Wednesday, February 28, 2007

Gov. Strickland's Regulatory Reform Effort.

This showed up on the Governor's website last night:

    Governor Ted Strickland today established Advantage Ohio, a regulatory reform initiative that will work on easing the unnecessary burdens of regulations that prohibit and constrain business and development in Ohio.

    Advantage Ohio, a component of Strickland’s Turnaround Ohio Plan, calls for a focused review of current regulations, eliminating those that are unnecessary, redundant and contradictory while ensuring quality of life and health protections for Ohioans.

For those of you fearing "another layer of bureaucracy," it looks like Strickland is trying to sunset the initiative and limit it's drain on resources:
    Advantage Ohio will continue through the first year of the Strickland administration and rely upon existing state resources for implementation.
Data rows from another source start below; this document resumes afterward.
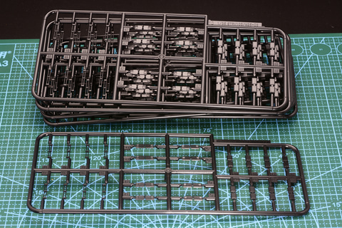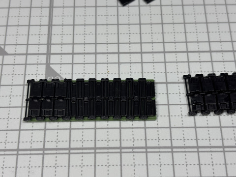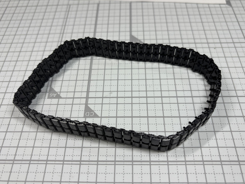 そして1つのクライマックスといえる履帯の組み立てだ。履帯は上下と連結パーツの3パーツで構成されている。専用の治具も用意されているが、非常に細かい。「1/35 STRIDSVAGN 103C(S-タンクC型)」では片側62コマ、合計で124コマの履帯を作らねばならない。最後の前後の履帯をつなげて輪にする組み立ても少し苦労する部分があるが、それでも高い達成感を味わえる。
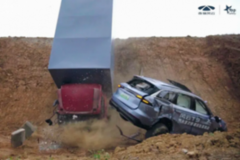 在此前的“國內首個側碰后墜落挑戰”中,風云T9先被一輛4.5噸重的卡車撞擊,之后墜入8米深的坑中,結果風云T9的A、B、C柱未發生結構性失效,約束系統也未發生明顯變形,安全氣囊迅速響應,E-call緊急呼叫功能也在碰撞后順利啟動,驗證了風云T9在安全領域的卓越水準。
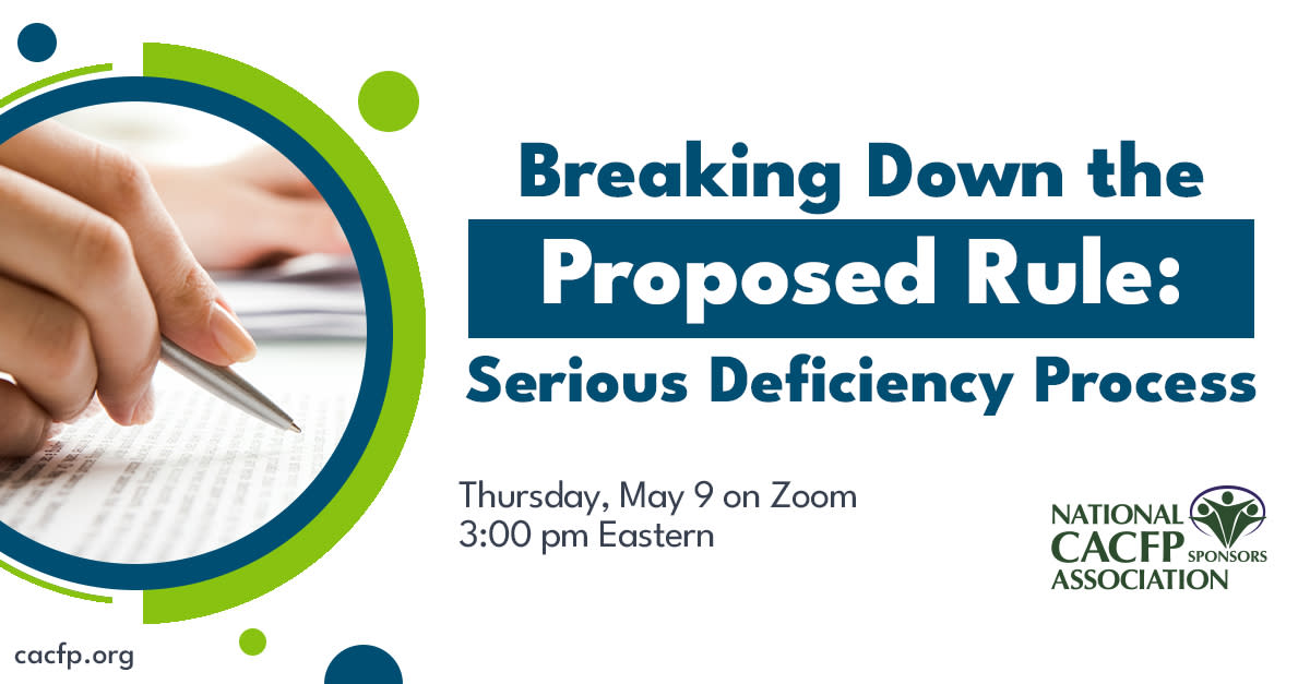 Still have questions about the proposed rule on the serious deficiency process in the CACFP and SFSP? Join the NCA Policy team as we walk through the proposed rule and help stakeholders prepare to make comments.
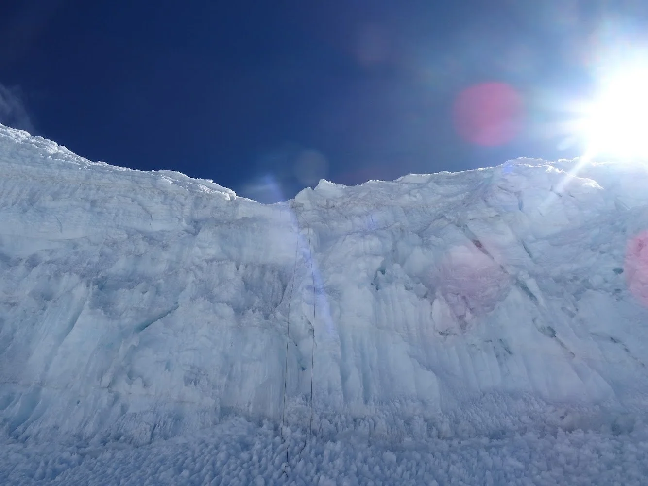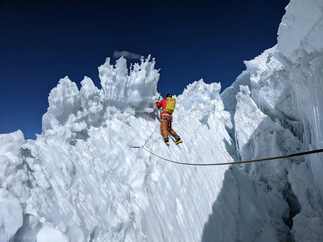 Ich steuerte entschlossen auf die Stufe zu und berichtete Niklas von meiner Idee. Nachdem er mir seinen Segen zusprach, kletterte ich die ersten Meter einer Seillänge, die ich nie wieder vergessen werde. In der Vertikalen fühlte ich, wie meine Muskulatur unter dem Sauerstoffmangel, verursacht durch die Anstrengung der Kletterei in dieser Höhe, förmlich leergesaugt wurde. Nach einer Eisschraube nach den ersten drei Metern, verzichtete ich auf weitere, regelmäßige Zwischensicherungen. Das eindrehen der Schrauben hätte mich körperlich an meine Grenzen gebracht. Um die Dramatik perfekt zu machen, vollzog sich dieses Spektakel im roten Licht der aufgehenden Sonne. Oben angekommen dachte ich zunächst, dass alles umsonst gewesen sei. Ich erkannte einen weiteren Abgrund hinter der Kante. Zu unserem Glück hatte sich in der Kluft genügend Schnee gesammelt, wodurch die Überquerung der Spalte mühelos möglich war.

The plan calls for a review of selected regulations and practices in executive branch agencies that have significant links with the business community.

And the Governor has his guy picked out:
    Strickland designated Columbus lawyer Scott North as the Governor’s Special Representative on Regulatory Reform to direct the Advantage Ohio initiative. He will begin work effective immediately.

    North will lead working groups consisting of representatives from business, government and the general public that will make recommendations to reduce unnecessary regulatory impediments to economic growth, while continuing to protect the interests of consumers and the health and safety of Ohio’s citizens.

The announcement got almost no coverage in the media. I couldn't find anything in the Dispatch. AP is good for a few grafs of stenography. The one exception is Copley which published a well-reported story. It includes reaction from Ohio Citizen Action (skeptical), Ohio Chamber of Commerce (hopeful) and Buckeye Institute (snotty.)

(We also learn from Buckeye that newly hired policy analyst J.Ken Blackwell "is following a self-imposed, 100-day, no-comment period about Strickland's policies.")

Scott North, according to Google search, is an Employee Benefits attorney at Porter, Wright, one of the big Ohio firms. He's not a career lobbyist for industry. Employee benefits practice is all about complying with complicated laws and regulations, most of which are Federal. All of that is to say, Mr. North is likely to be sensitive to the difficulties facing businesses trying to follow the rules, but isn't necessarily rabidly anti-regulation.

I'm still figuring out what to make of this. I'm all for improving efficiency. It does no one any good to have regulations that make life difficult and fail to accomplish anything. On the other hand, I beleive in regulations that do in fact protect health and safety. When Bush undertook regulatory "reform," his entire project was an effort to rewrite the regulatory regime so that all decisions favor business. That's what I feared a Blackwell reform would look like. The Progressive community needs to keep an eye on this to make sure it doesn't turn into something similar.

I also happen to agree with the Alan Wolfe thesis that anti-government Republicans don't do government well. Democrats who want regulations to work are better at fixing them so they do work than are conservatives who think the whole enterprise is worthless. So it may be that Governor Strickland can make Ohio a more business-friendly state without making it unfriendly to consumers. Wait and see.